Фрэнк Герберт - Белая чума
– Информацию о людях, подобных Джозефу Херити?
– И о «Провос» тоже. Если на вас обрушился град пуль и бомб, значит кто-то из них обязательно должен был находиться где-нибудь поблизости.
Джон медленно и неохотно повернулся, Доэни безразлично уставился на него, но в его темных глазах мелькнула вспышка циничного юмора. В желтом свете лампы Финтан казался очень похожим на куклу с кудрявыми волосами, лишь на окне позади него был серый оттенок пробуждающегося утра.
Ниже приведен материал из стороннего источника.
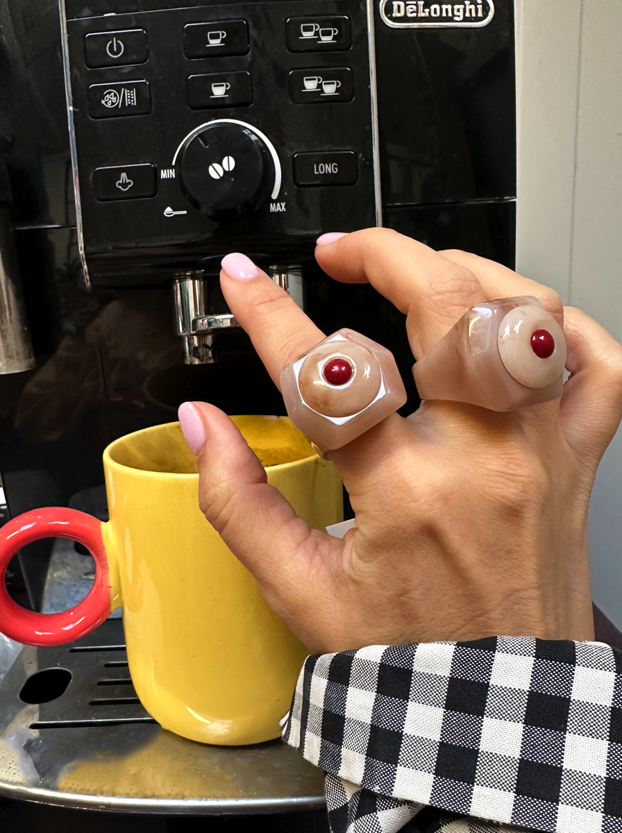 The ring works perfectly as an accent for simple outfits or as a key element that builds your entire look—modern, artistic, and with a slight retro-future twist.

– У нас было что-то около шестидесяти тысяч душ здесь, – проговорил Доэни. – А теперь… где-то около пяти-шести тысяч мужчин, включая местных. Город умирает без своих женщин.
Джон проглотил комок в горле, но ничего не ответил.
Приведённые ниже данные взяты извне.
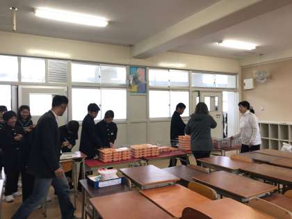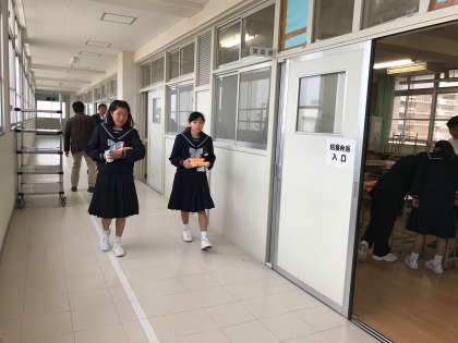 今日から給食が開始されました。半年間は弁当持参もOKの選択制となりましたが、各学年とも、演習室に取りに行き、自分の教室で食べていました。大きな混乱はなかったようで一安心です。

– Торговля – вот что поддерживает в городе жизнь, – продолжал Доэни. – Но успехи в торговле зависят от домашнего очага. Город… – Он бросил взгляд на фотографию позади Джона. – Город – это место для ремесленников, лавочников, коммивояжеров и тому подобных. Но женщины являются катализатором городской торговли. Мужчины без женщин вынуждены возвращаться к земле, выкапывать себе еду из грязи и повторно открывать для себя понятие «муж». Странное слово, однако.
Джон посмотрел на верхнюю часть оконной рамы, не в силах стерпеть пронзительный взгляд Финтана.
– Цветная фотография справа – это изображение такой же надписи, только на другом берегу реки, – сказал Доэни. – Вон там, маленькое белое пятнышко, которое невозможно прочесть из-за большого расстояния, даже если надпись полная.
Джон обернулся и посмотрел на фотографию – типичный старый город Дерри, с каменными стенами, ободранными и покрытыми рубцами многовековых конфликтов… грязные коричневые скалы, возвышающиеся над Ривер Фойл… и внизу, с одной стороны – маленький белый прямоугольник с крошечными черными буквами.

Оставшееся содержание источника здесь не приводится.